This is the definition of these three functions, just substitute the original learning things into it, when =0°, x=r, y=0, this paragraph is about how to represent trigonometric functions in the coordinate system taught in high school, you can understand it by reading the book.

lz should be remembered.

tan=1/cot

sin=1/cosec

cos=1/sec

Convert the problem to an elementary function such as sin.

In the unit circle, sina = r y cosa=x r tana = y x

And sina = 1 csca = y r cosa = 1 seca = r x tana = 1 cota = x y

where sin is sin, cos is cosine, tan is tangent, sec is secant, csc is cosecant, and cot is cotangent.

Borrow a book and look at it from the beginning, don't rush it. In fact, the book says it very clearly. That's how I came over.

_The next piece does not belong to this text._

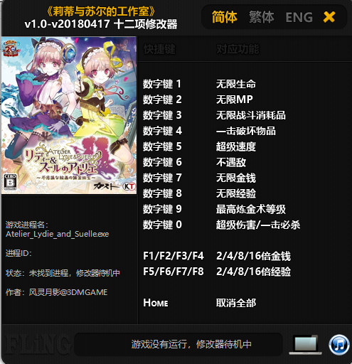 莉蒂与苏尔的工作室修改器是风灵月影专为《莉蒂与苏尔的工作室》电脑游戏所打造的一款多功能修改器,该修改器支持一键实现开启超级伤害/一击必杀、无限战斗消耗品、2/4/8/16倍经验、无限生命等功能,玩家进入游戏后通过指定热键即可快速开启,简单快捷高效,大幅度降低游戏所带来的难易程度,帮助玩家轻松解决战斗!

The first question is wrong.

f(t)=10-(√3)cos(πt/12)-sin(πt/12)=10-2

10-2[cos(π/6)·cos(πt/12)+sin(π/6)·sin(πt/12)]

10-2cos[(6)-(t 12)]=10-2cos[(t 12)-(6)] The second question and the first question are answered.

The first question is the answer to the wrong conclusion, the basis of the wrong answer, and the second question is self-understanding.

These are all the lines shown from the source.